Are those subs single or dual voice coil? 

If single voice coil, a [email protected] ohms and [email protected] ohms would do fine, but leave you with no headroom for future upgrading of drivers. 

You could go with an amplifier that is capable of around [email protected] ohms and [email protected] ohms and merely set the gains to limit power output of the amplifier to the power rating of the divers you use, this route will leave you with some overhead in case you change out drivers later on to once capable of handling more power. 

Now if the subs are DVC, then you can only wire the pair for a 1 ohm or 4 ohm final, in which case you would then want a 5-channel capable of [email protected] ohms or 1 ohm. No so sure there's anything on the market that can do [email protected] ohms and I'm not sure just how many have a 1 ohm stable sub channel. 

Putting the model numbers of the drivers you have and a budget can allow us to toss out amplifiers to consider.


----------



## Golden Ear (Oct 14, 2012)

The alpine PDX-V9 will do 100x4 + 500x1 at 2 or 4 ohms. I have two vehicles with this amp and it's awesome. Set the gain at no higher than 1/3 and it'll be dead silent on the floor noise. 


Sent from my mind using telekinesis


----------



## Jepalan (Jun 27, 2013)

The only reason I choose 5-channel is if install space is tight. Otherwise I use separate amp for the sub just because it is the most likely part of the system to get upgraded later.

You can install 5-channel or 4-channel plus mono amp for sub with very satisfactory results in both situations.


----------



## Alrojoca (Oct 5, 2012)

Once we get convinced to not have rear speakers, add a processor with 8 channels for an active 3 way front and sub, or perhaps 2 way fronts rear fill and sub, then a 5 ch amp is not enough, to add more power to the midbass, bridging an amp will be needed, then there is no way around not having 3 amplifiers.


----------



## PorkCereal (Nov 24, 2009)

Or at least 2.

Sent from my SAMSUNG-SM-G935A using Tapatalk


----------



## MrGreen83 (Jun 11, 2015)

Alrojoca said:


> Once we get convinced to not have rear speakers, add a processor with 8 channels for an active 3 way front and sub, or perhaps 2 way fronts rear fill and sub, then a 5 ch amp is not enough, to add more power to the midbass, bridging an amp will be needed, then there is no way around not having 3 amplifiers.




2 is good. I went with a JL HD600/4 and an Audison AV5.1K. A 4 channel, and a 5 channel takes care of the whole system. Even if ur running 3 way active up front. (4 channels to tweets and mids, 2 channels to woofers, 1 to subs) And that Audison amp's subwoofer channel does 1100 RMS all day (even tho it lists 1000 in the manual). 1100 watts is plenty enough power to run 1 or 2 subs. So upgrading the sub(s) in the future isn't an issue. 

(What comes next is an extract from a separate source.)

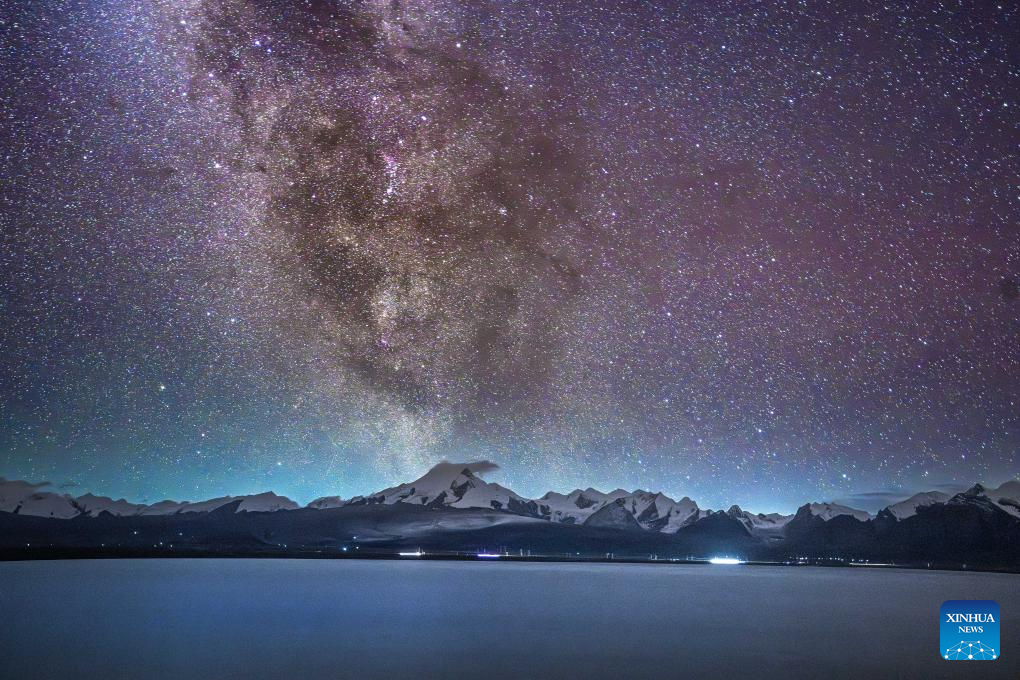 Baiku Co, with a water area of approximately 300 square kilometers, has its lake surface at an altitude of 4,590 meters. Thanks to the excellent air quality on the plateau, the Milky Way is clearly visible in the starry sky at the end of summer and the beginning of autumn, forming a magnificent scene together with the lake and snow-capped mountains. (Photo by Ma Lichao/Xinhua)

Sent from my iPhone using Tapatalk


----------



## Alrojoca (Oct 5, 2012)

The 5 ch amp would always be the shortcut to not have 3 amps as long as the sub amp from the 5 ch amp offers good power. 

I think Phoenix Gold also has a nice single powerful 5 ch amp and those are huge too.

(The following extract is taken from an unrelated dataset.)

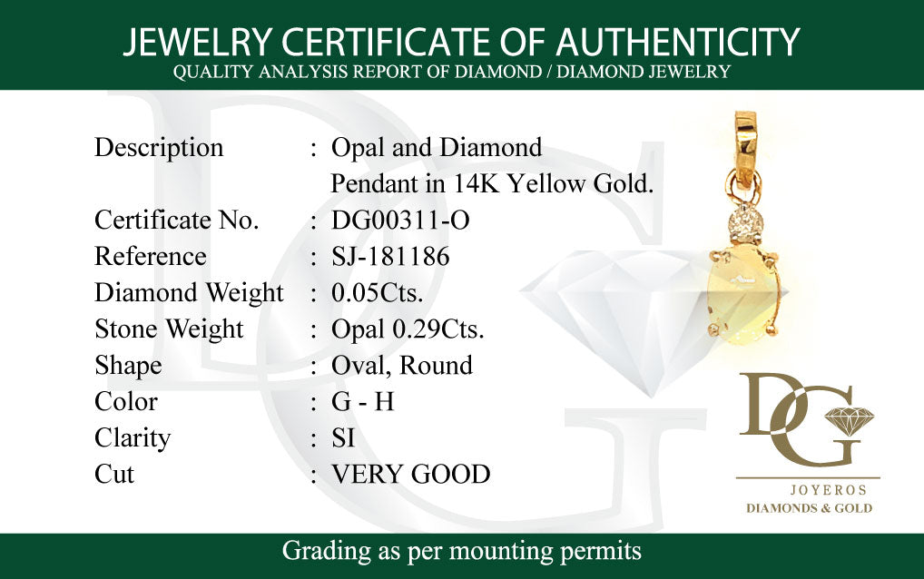 Dije de ópalo con diamantes en oro amarillo 14kt.

Sometimes a good 5 ch amp takes the room of 2 or 3 amplifiers too


----------



## tRidiot (Jun 29, 2006)

MrGreen83 said:


> 1100 watts is plenty enough power to run 1 or 2 subs.

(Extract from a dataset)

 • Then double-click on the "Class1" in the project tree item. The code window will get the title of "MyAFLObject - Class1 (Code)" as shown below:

Not for me!  Haha. I tend to lean toward multiple amplifiers, but the power I like to have on tap is not available in a single-amp solution. And if it were, it would probably be the size of my Tahoe. 

For a single-amp solution, the only real benefits are ease of wiring and ease of install. Personally, for me, accepting the power restrictions inherent in most of these types of amps wasn't worth the benefits.


----------



## brumledb (Feb 2, 2015)

2- Arc 1200.6's and you are done. Can be configured in lots of different ways and provide a ton of power.


Sent from my iPhone using Tapatalk


----------



## tRidiot (Jun 29, 2006)

brumledb said:


> 2- Arc 1200.6's and you are done. Can be configured in lots of different ways and provide a ton of power.
> 
> 
> Sent from my iPhone using Tapatalk


Sure... anyone can just go blithely drop $1500 on 12 channels of amplification. lol It would be nice to be able to do that. They're great amps, and that would offer a ton of flexibility.


----------



## MrGreen83 (Jun 11, 2015)

Sent from my iPhone using Tapatalk


----------



## MrGreen83 (Jun 11, 2015)

Niceee lol


Sent from my iPhone using Tapatalk


----------



## Ericm1205 (May 10, 2016)

most important question over 5 channel vs 2 amps is, what are you spending?
alot of companies are making stealth amps. soundstream has a whole line and they are pretty powerful. i seen the mono 1000w amp and was so tiny. 2 of these amps would be using less space than a regular 4ch amp or even a 5 ch amp. hell, i bet you can fit 4 stealth amps in the same space as a 5 channel amp.

but then you get into the cost of wiring and rca cables. and for this i would go with 5 channel amp. 1 power, 1 ground, 1 remote turn on. no need for fused power blocks to wire up each amp.


----------



## brumledb (Feb 2, 2015)

tRidiot said:


> Sure... anyone can just go blithely drop $1500 on 12 channels of amplification. lol It would be nice to be able to do that. They're great amps, and that would offer a ton of flexibility.




Who's spending $1500? I just bought 2 for a total of $950 (both used of course). There's actually one in the classifieds right now for $525.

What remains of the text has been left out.